# 1968 Stingray Lemon Peeler value???



## slamdunc09 (Feb 23, 2019)

Hi-

I'm not a bike collector, but have always admired these since my best friend in school had one.  Found this one and I'm wondering what the range of value is? The tag says 99% original.  What should I be looking at?

Mike


----------



## ZE52414 (Feb 23, 2019)

Wrong seat of course but they get to be pretty expensive. Anywhere from probably 1000$-2000$


----------



## stoney (Feb 23, 2019)

Nice bike. It still has the original pogo seat post. Someone added the front fender. '68 had no front fender. Rear tire looks to have been replaced. Should have yellow line I believe. If the price is in the middle above estimate I feel that is good. Some you see for much more but they don't seem to sell. My opinion and I sure don't know everything.


----------



## spoker (Feb 23, 2019)

friend of mine has a truly all og lemon with a disc,$3500


----------



## unregistered (Feb 23, 2019)

68 should have a pogo seatpost, too. Not sure if this is one or not. Seat is incorrect and that’s a big $$$ item. I see $1100 here, prices have been trending down for a couple of years now and I don’t see them going back up.

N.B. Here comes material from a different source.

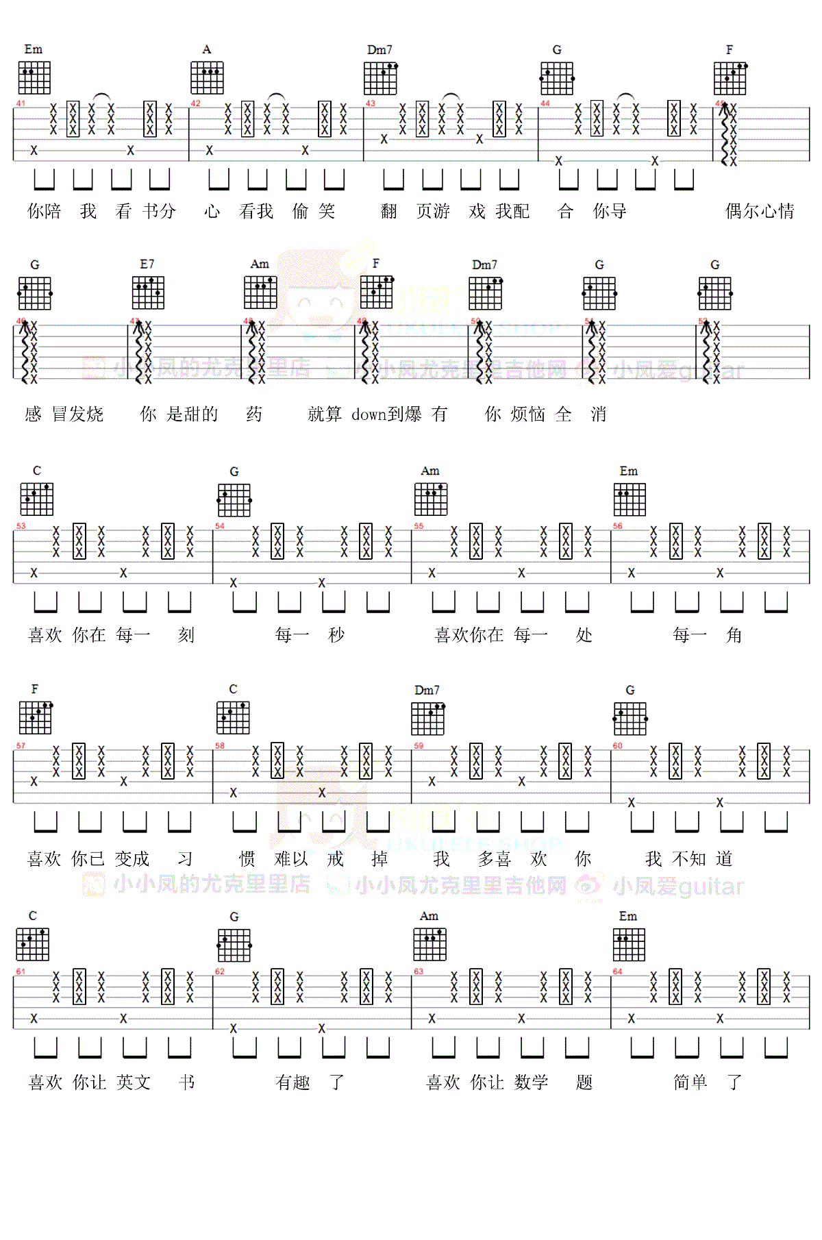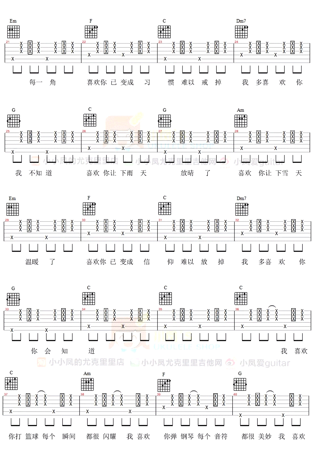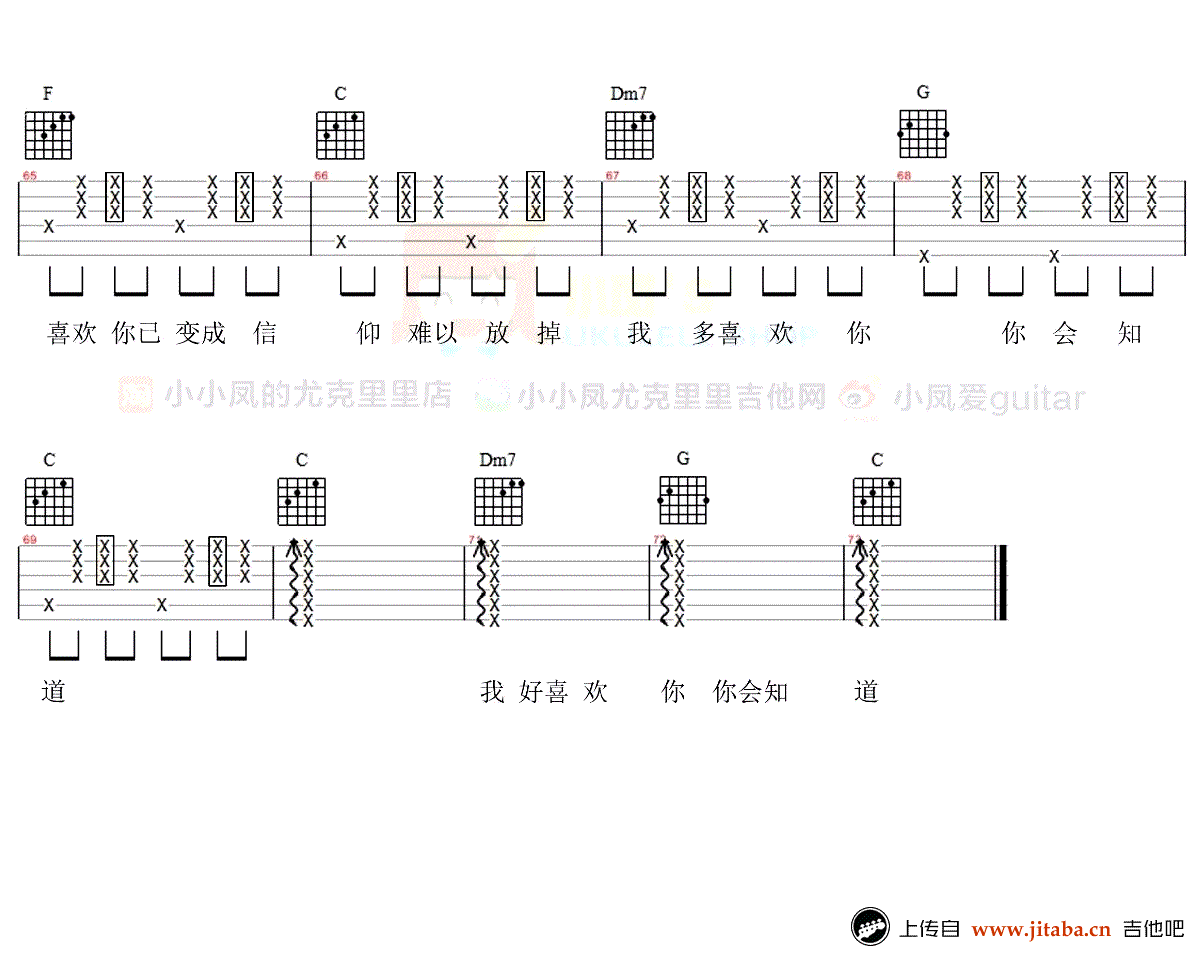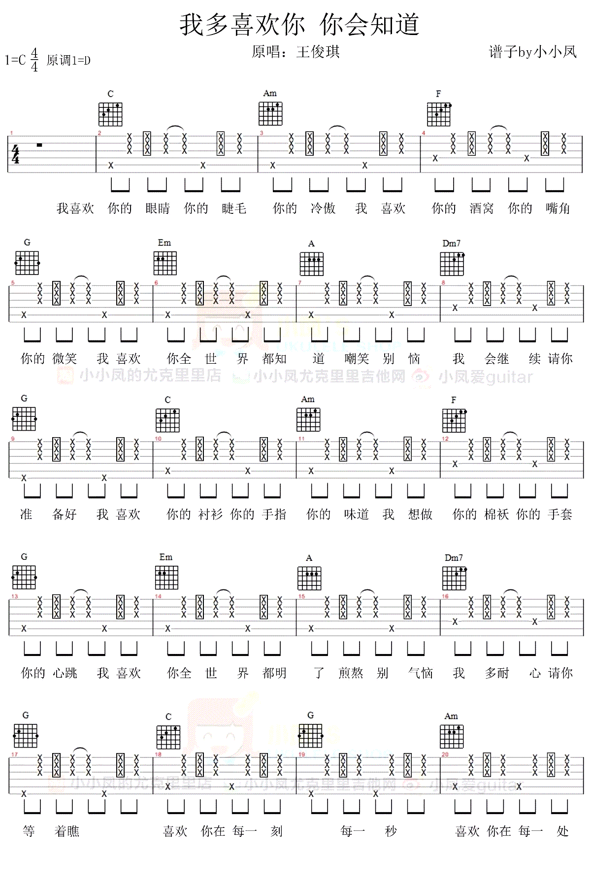 曲谱介绍: 《我多喜欢你,你会知道》吉他谱,王俊琪演唱,网络剧《致我们单纯的小美好》推广主题曲, 我多喜欢你,你会知道吉他弹唱谱,歌曲原调D,选用C调指法,变调夹夹第二品,六线谱完整版共四张图片谱例,感谢小小凤编配,随谱附上吉他弹唱教学视频,喜欢这首甜蜜浪漫歌曲的琴友们练习起来吧。

Speedo and light could be sold to recoup some $$ though.


----------



## Rollo (Feb 23, 2019)

... It does appear to have the pogo seat post ... Speedometer is off of a Schwinn exercise bike ... no Stingray logo on the face ... no speedo cable or drive ... Should have red dot eye poker brake levers ... Wrong year derailleur ... it should have the smooth style chain wheels not cogged ... Repop pedals ... I'd  lose the cheap front fender ...
... Still a clean original paint Lemon Peeler dated June-'68 ...


----------



## mcmfw2 (Feb 24, 2019)

Pretty decent paint,  Weak guard hurts it as does the incorrect seat and rear tire it also has a later year rear strut and deraillieur , incorrect cables, incorrect seat hardware and an aftermarket front fender ... someones has certainly been into it  ... The Rear tire and seat will set you back an easy $600 if you can find them...  Nowhere near being 90% original...


----------